Making proposals is one thing, getting Congress to agree is another
For individuals, the proposals are that the seven income tax brackets are reduced to three – 12%, 25% and 35%. However, it allows Congress to introduce a fourth, top tax rate, for high earners should it choose – the current top tax rate is 39.6%. The estate tax and alternative minimum tax would also be eliminated. At this stage, it looks as though higher income households and the wealthy have most to gain from these proposals.
For businesses, corporation tax would be cut from 35% to 20% together with the ability to immediately write-off capital spending for five years, possibly more - taxes for unincorporated businesses will be cut to 25%. Significantly, there will also be a one-off tax cut on repatriated foreign earnings. These have been stockpiled (due to high US tax rates deterring bringing them back to the US) with various estimates suggesting around $2.6-trillion of earnings currently sit offshore. If we see a sizeable proportion brought to the US it could boost investment spending (and potentially productivity) and/or incomes if special dividends are paid out. The dollar impact may be relatively limited given surveys suggest much of the holdings are already in dollars or dollar-denominated assets held overseas.
Making proposals is one thing - getting Congress agreement is another
However, we have to remember that making proposals is one thing, getting Congress to agree is another. These plans will be debated for many weeks and could get significantly amended. We already know that Washington is deeply divided and that significant compromise will likely be needed.
The nonpartisan Committee for a Responsible Federal Budget has suggested the cost of this plan would amount to around $2.2 trillion. To mitigate the impact on the budget there have been indications there will be some offsetting revenue-raising initiatives, but there is a lack of clarity about who will actually end up paying and how much they will pay. It seems as though the most likely source will be through ending state and local tax deductions and perhaps reducing deductions for interest payments. As more details gradually emerge we are likely to see opposition increase. Consequently, getting enough votes to approve these reforms could be tricky.
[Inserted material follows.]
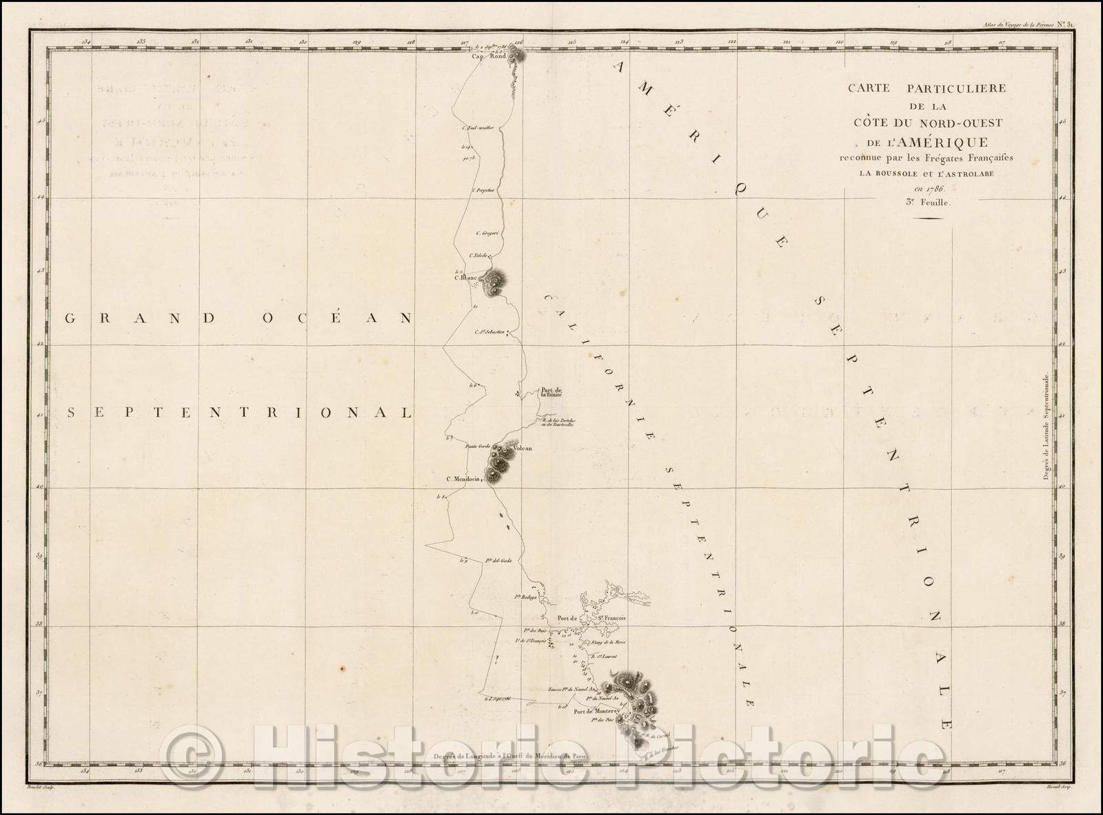 Historic Map - [Northern California and Oregon] Carte Particuliere de la Cote/North America, North American Wall Map, 1797, Jean Francois Galaup de La Perouse - Vintage Wall Art
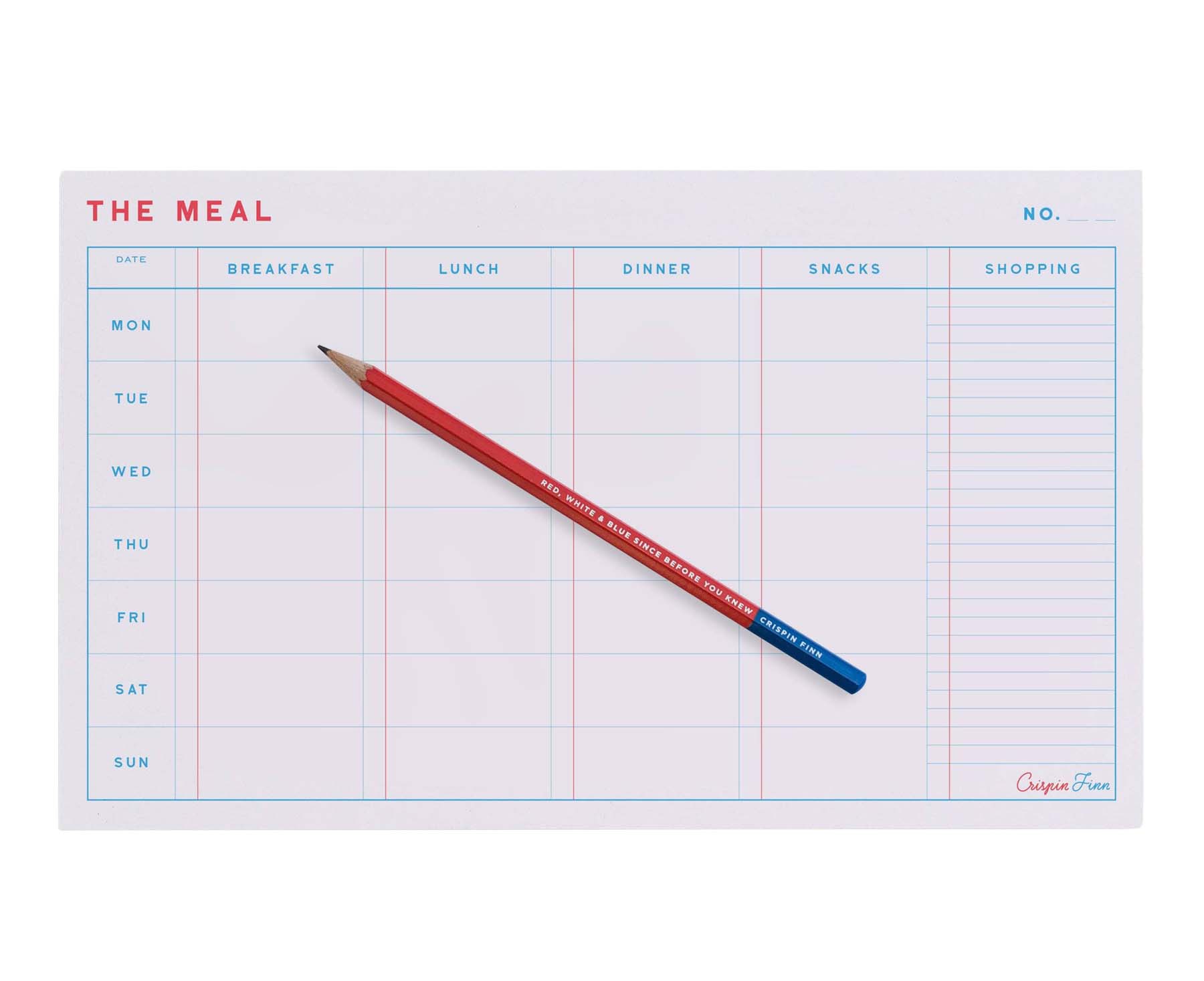 Organise your weekly food schedule with The Meal Pad. Clear layout with lined columns for every day's meal times and snacks, and a handy shopping list for ingredients. There's even a tickbox column so your can tick off your meals as you go. With 52 tear off pages it'll last you a whole year, and it comes in a gorgeous screen-printed kraft envelope with a custom Crispin Finn pencil.

As a backup plan, Administration officials suggest that they are prepared to use “dynamic scoring”[1] in order to help facilitate a revenue-neutral budget projection for the next ten years. This would mean the tax reforms could pass with a simple majority in the Senate rather than the 60 seat threshold typically required. This would obviously make legislation easier to pass, but it still may take longer than the president would like.
[1] This process, which is not universally supported, assumes that lower taxes boost growth, which prompts stronger tax revenue growth in the future
Bottom line
Market hopes surrounding President Trump's proposals for a massive fiscal stimulus (tax cuts and infrastructure investment) have gradually faded since his inauguration. However, these tax policy development could help to nudge expectations back in a more positive direction. While we suspect there will be some watering down, any tax cuts that put more money in the pockets of households and businesses are likely to be seen as a boost for the economy.
There are questions over how many people will meaningfully benefit and it does risks a wider fiscal deficit and higher government debt levels. Nonetheless, with Fed Chair Janet Yellen earlier in the week setting out the case for tighter monetary policy, successful implementation of tax changes will likely push financial markets into pricing in a greater chance of rate hikes.